→ Instructions to follow:
Without including any pictures, copy every line below exactly.

→ Stored data:
-------
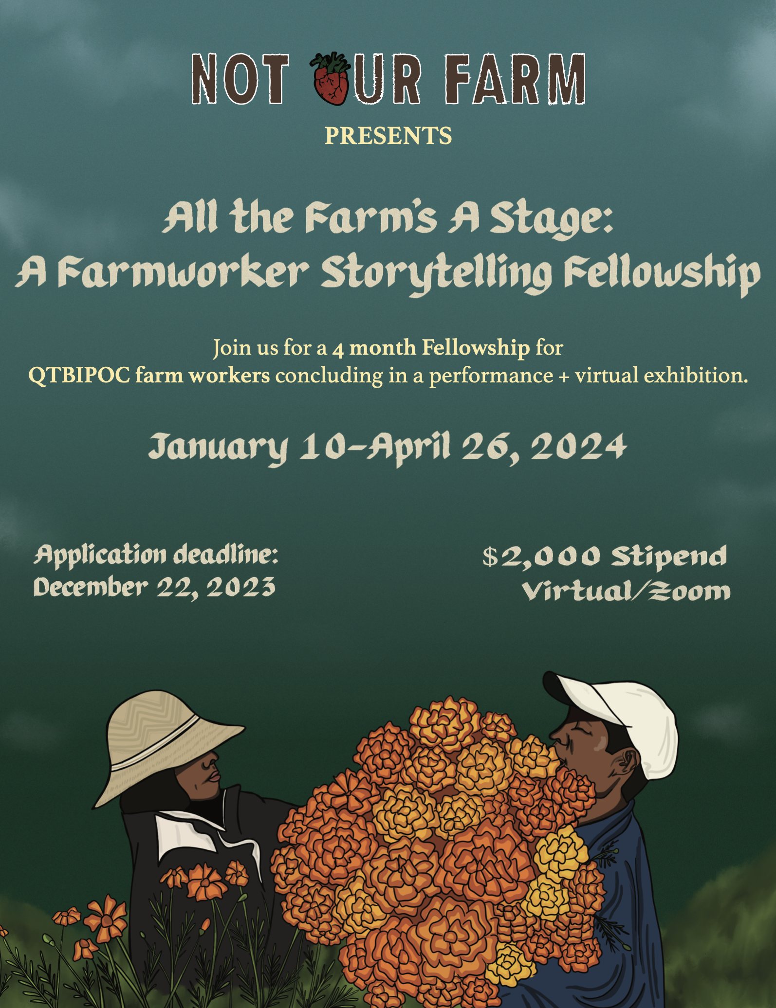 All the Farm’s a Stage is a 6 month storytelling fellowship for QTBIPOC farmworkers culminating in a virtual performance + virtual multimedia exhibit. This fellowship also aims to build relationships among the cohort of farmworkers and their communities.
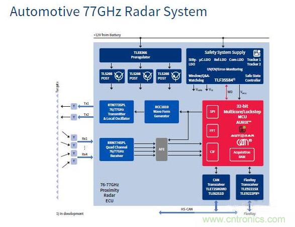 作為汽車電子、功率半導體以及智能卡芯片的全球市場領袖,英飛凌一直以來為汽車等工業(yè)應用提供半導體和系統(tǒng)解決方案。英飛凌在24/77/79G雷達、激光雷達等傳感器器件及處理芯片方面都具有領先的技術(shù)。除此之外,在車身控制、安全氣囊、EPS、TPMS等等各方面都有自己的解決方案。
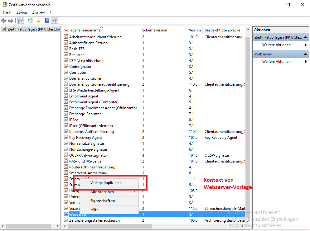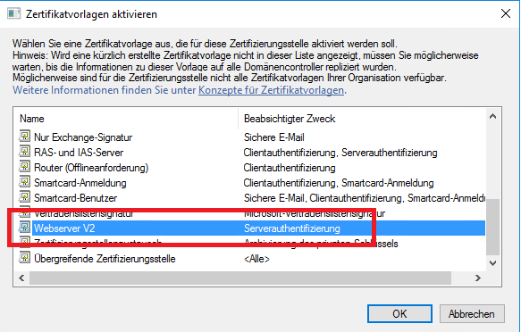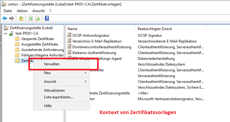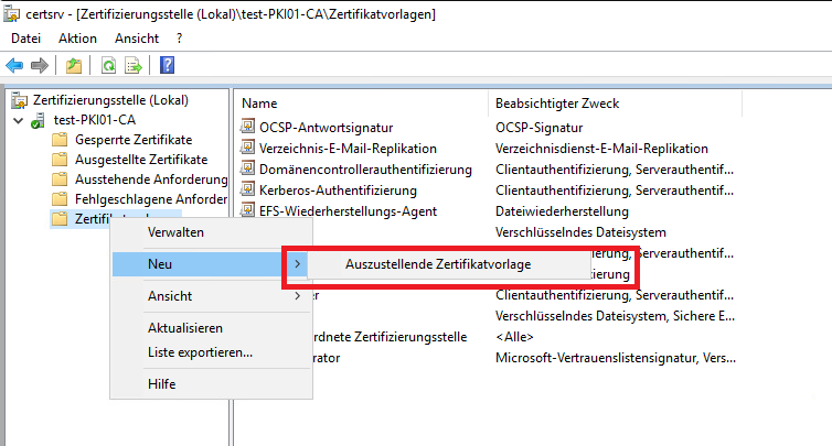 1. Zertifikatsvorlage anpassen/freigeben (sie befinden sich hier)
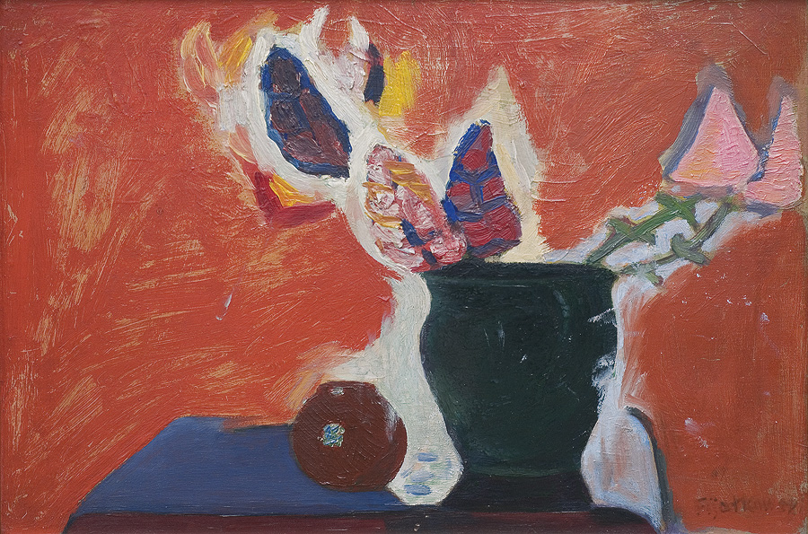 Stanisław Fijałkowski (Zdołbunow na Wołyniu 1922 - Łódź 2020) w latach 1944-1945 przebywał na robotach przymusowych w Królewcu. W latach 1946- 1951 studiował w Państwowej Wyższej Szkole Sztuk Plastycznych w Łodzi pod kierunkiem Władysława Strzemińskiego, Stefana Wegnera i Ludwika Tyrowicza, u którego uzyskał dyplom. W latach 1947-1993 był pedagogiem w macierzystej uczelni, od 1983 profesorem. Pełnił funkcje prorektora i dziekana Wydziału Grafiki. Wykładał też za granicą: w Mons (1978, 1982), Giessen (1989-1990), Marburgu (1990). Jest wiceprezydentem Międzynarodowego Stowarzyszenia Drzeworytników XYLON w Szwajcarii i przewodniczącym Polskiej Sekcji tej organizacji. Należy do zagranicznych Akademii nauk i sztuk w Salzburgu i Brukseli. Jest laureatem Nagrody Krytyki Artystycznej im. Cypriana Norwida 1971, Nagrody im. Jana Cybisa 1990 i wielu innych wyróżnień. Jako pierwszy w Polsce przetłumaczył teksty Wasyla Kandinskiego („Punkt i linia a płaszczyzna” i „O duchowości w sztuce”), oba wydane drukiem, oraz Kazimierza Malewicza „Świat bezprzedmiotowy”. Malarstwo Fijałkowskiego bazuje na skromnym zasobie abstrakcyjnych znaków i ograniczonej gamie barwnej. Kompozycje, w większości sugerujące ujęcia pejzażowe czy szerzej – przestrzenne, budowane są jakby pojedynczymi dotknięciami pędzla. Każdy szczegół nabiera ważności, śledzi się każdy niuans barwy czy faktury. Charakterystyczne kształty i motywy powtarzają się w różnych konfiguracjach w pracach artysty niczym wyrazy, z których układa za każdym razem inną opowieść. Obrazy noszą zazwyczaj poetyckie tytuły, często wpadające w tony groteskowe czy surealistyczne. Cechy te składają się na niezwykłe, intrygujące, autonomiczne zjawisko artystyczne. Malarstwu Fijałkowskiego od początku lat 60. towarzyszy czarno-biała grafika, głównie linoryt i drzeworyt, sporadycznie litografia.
-------
→ Result of this task:
 All the Farm’s a Stage is a 6 month storytelling fellowship for QTBIPOC farmworkers culminating in a virtual performance + virtual multimedia exhibit. This fellowship also aims to build relationships among the cohort of farmworkers and their communities.
 作為汽車電子、功率半導體以及智能卡芯片的全球市場領袖,英飛凌一直以來為汽車等工業(yè)應用提供半導體和系統(tǒng)解決方案。英飛凌在24/77/79G雷達、激光雷達等傳感器器件及處理芯片方面都具有領先的技術(shù)。除此之外,在車身控制、安全氣囊、EPS、TPMS等等各方面都有自己的解決方案。
 1. Zertifikatsvorlage anpassen/freigeben (sie befinden sich hier)
 Stanisław Fijałkowski (Zdołbunow na Wołyniu 1922 - Łódź 2020) w latach 1944-1945 przebywał na robotach przymusowych w Królewcu. W latach 1946- 1951 studiował w Państwowej Wyższej Szkole Sztuk Plastycznych w Łodzi pod kierunkiem Władysława Strzemińskiego, Stefana Wegnera i Ludwika Tyrowicza, u którego uzyskał dyplom. W latach 1947-1993 był pedagogiem w macierzystej uczelni, od 1983 profesorem. Pełnił funkcje prorektora i dziekana Wydziału Grafiki. Wykładał też za granicą: w Mons (1978, 1982), Giessen (1989-1990), Marburgu (1990). Jest wiceprezydentem Międzynarodowego Stowarzyszenia Drzeworytników XYLON w Szwajcarii i przewodniczącym Polskiej Sekcji tej organizacji. Należy do zagranicznych Akademii nauk i sztuk w Salzburgu i Brukseli. Jest laureatem Nagrody Krytyki Artystycznej im. Cypriana Norwida 1971, Nagrody im. Jana Cybisa 1990 i wielu innych wyróżnień. Jako pierwszy w Polsce przetłumaczył teksty Wasyla Kandinskiego („Punkt i linia a płaszczyzna” i „O duchowości w sztuce”), oba wydane drukiem, oraz Kazimierza Malewicza „Świat bezprzedmiotowy”. Malarstwo Fijałkowskiego bazuje na skromnym zasobie abstrakcyjnych znaków i ograniczonej gamie barwnej. Kompozycje, w większości sugerujące ujęcia pejzażowe czy szerzej – przestrzenne, budowane są jakby pojedynczymi dotknięciami pędzla. Każdy szczegół nabiera ważności, śledzi się każdy niuans barwy czy faktury. Charakterystyczne kształty i motywy powtarzają się w różnych konfiguracjach w pracach artysty niczym wyrazy, z których układa za każdym razem inną opowieść. Obrazy noszą zazwyczaj poetyckie tytuły, często wpadające w tony groteskowe czy surealistyczne. Cechy te składają się na niezwykłe, intrygujące, autonomiczne zjawisko artystyczne. Malarstwu Fijałkowskiego od początku lat 60. towarzyszy czarno-biała grafika, głównie linoryt i drzeworyt, sporadycznie litografia.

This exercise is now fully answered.